**Try it**.
Your answer should be only the lines below from the one with "съкварталци, качвам снимки" to the one with "Glass Cutting Board featuring", repeated exactly, ends included.

──────── Given data

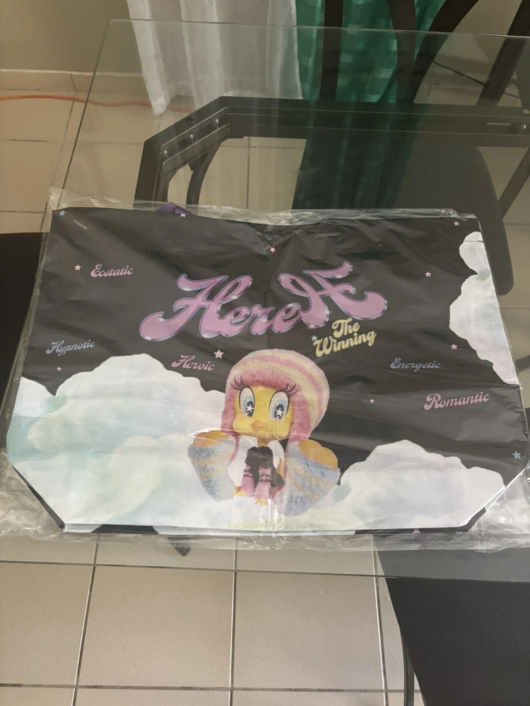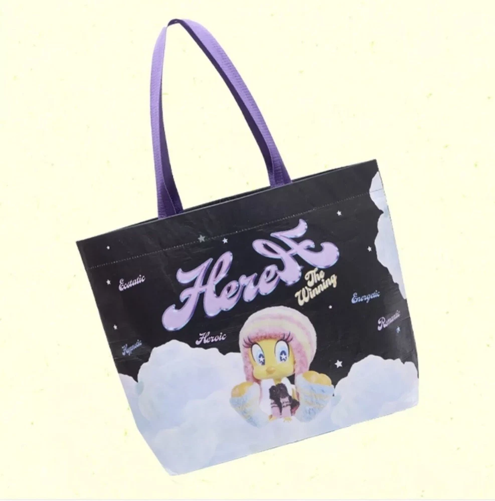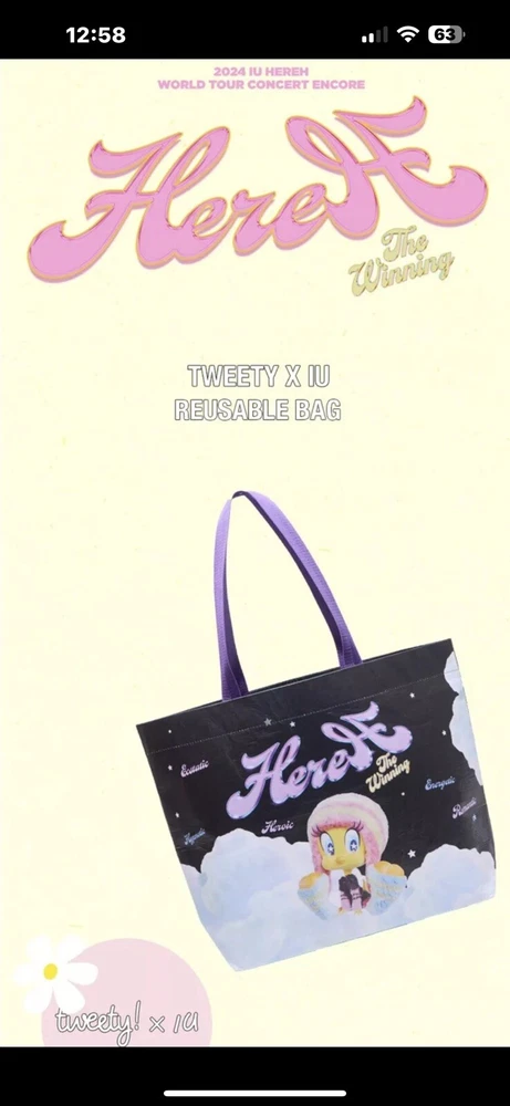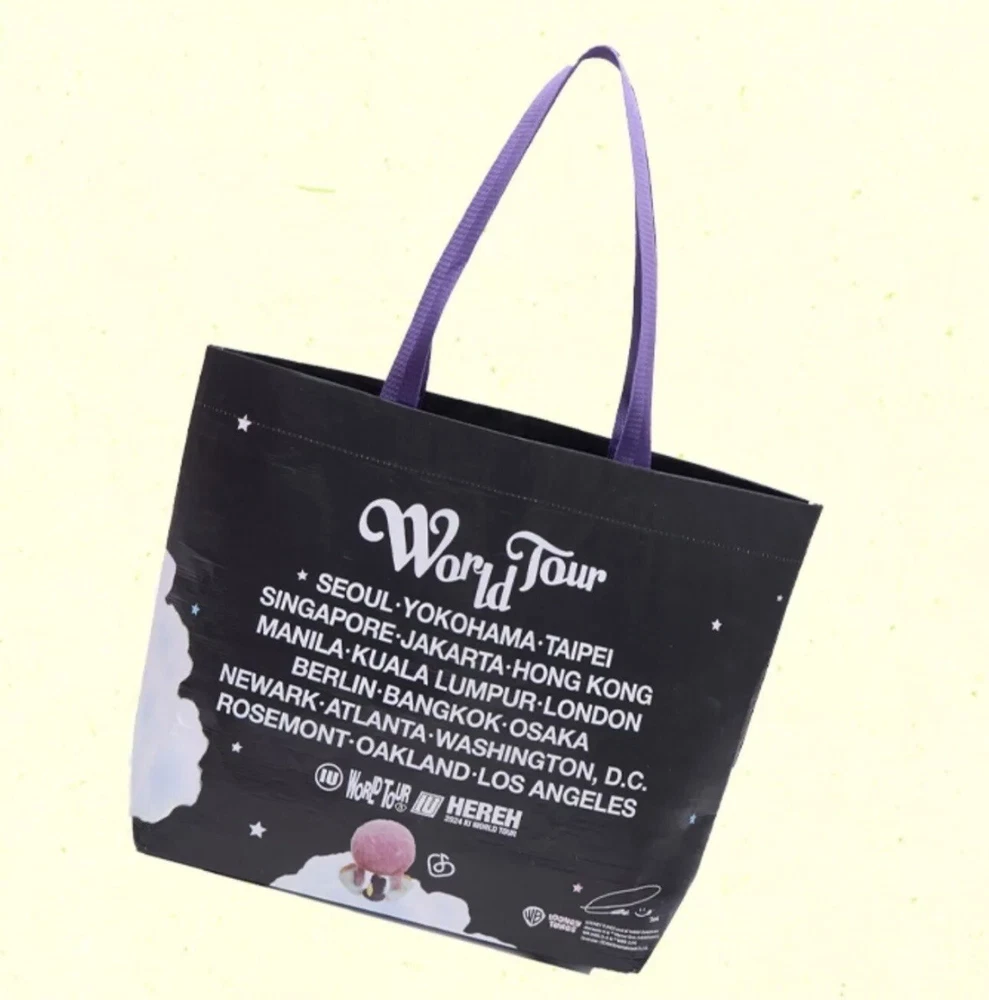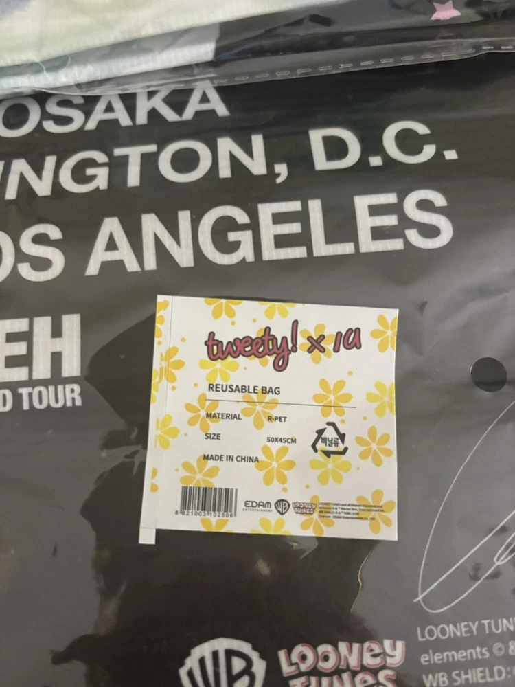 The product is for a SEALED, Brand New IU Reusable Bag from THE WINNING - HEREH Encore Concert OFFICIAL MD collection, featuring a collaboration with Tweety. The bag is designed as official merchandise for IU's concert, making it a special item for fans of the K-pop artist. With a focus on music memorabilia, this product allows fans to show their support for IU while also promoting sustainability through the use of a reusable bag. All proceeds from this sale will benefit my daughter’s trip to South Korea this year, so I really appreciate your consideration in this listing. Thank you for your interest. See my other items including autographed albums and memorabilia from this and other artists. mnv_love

────────────────
──────── Given data

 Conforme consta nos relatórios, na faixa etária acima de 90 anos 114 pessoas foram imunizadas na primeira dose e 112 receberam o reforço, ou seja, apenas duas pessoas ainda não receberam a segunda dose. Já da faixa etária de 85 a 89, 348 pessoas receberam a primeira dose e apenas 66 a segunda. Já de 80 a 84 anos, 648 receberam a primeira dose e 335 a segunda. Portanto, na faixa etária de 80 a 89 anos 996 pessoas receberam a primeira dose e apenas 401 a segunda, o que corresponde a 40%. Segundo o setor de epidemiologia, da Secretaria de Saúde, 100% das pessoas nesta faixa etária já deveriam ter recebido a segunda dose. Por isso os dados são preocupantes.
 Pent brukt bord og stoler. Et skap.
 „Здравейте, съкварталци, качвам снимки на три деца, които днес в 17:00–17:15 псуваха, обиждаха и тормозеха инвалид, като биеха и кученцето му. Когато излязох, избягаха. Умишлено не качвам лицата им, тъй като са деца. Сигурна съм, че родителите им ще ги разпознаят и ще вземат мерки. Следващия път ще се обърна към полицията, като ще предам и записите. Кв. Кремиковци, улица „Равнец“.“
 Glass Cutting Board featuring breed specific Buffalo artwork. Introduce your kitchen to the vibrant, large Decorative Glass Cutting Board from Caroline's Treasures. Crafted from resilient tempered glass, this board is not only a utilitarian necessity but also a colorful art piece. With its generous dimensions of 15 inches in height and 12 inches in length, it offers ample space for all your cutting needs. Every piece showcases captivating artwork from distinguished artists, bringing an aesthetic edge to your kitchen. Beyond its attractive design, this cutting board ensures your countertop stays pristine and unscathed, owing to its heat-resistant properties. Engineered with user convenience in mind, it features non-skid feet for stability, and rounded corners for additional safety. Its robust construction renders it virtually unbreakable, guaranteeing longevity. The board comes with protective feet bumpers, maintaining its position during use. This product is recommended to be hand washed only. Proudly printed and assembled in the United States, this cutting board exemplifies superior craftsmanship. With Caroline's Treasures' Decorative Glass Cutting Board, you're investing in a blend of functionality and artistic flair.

────────────────

**Response area**.
 „Здравейте, съкварталци, качвам снимки на три деца, които днес в 17:00–17:15 псуваха, обиждаха и тормозеха инвалид, като биеха и кученцето му. Когато излязох, избягаха. Умишлено не качвам лицата им, тъй като са деца. Сигурна съм, че родителите им ще ги разпознаят и ще вземат мерки. Следващия път ще се обърна към полицията, като ще предам и записите. Кв. Кремиковци, улица „Равнец“.“
 Glass Cutting Board featuring breed specific Buffalo artwork. Introduce your kitchen to the vibrant, large Decorative Glass Cutting Board from Caroline's Treasures. Crafted from resilient tempered glass, this board is not only a utilitarian necessity but also a colorful art piece. With its generous dimensions of 15 inches in height and 12 inches in length, it offers ample space for all your cutting needs. Every piece showcases captivating artwork from distinguished artists, bringing an aesthetic edge to your kitchen. Beyond its attractive design, this cutting board ensures your countertop stays pristine and unscathed, owing to its heat-resistant properties. Engineered with user convenience in mind, it features non-skid feet for stability, and rounded corners for additional safety. Its robust construction renders it virtually unbreakable, guaranteeing longevity. The board comes with protective feet bumpers, maintaining its position during use. This product is recommended to be hand washed only. Proudly printed and assembled in the United States, this cutting board exemplifies superior craftsmanship. With Caroline's Treasures' Decorative Glass Cutting Board, you're investing in a blend of functionality and artistic flair.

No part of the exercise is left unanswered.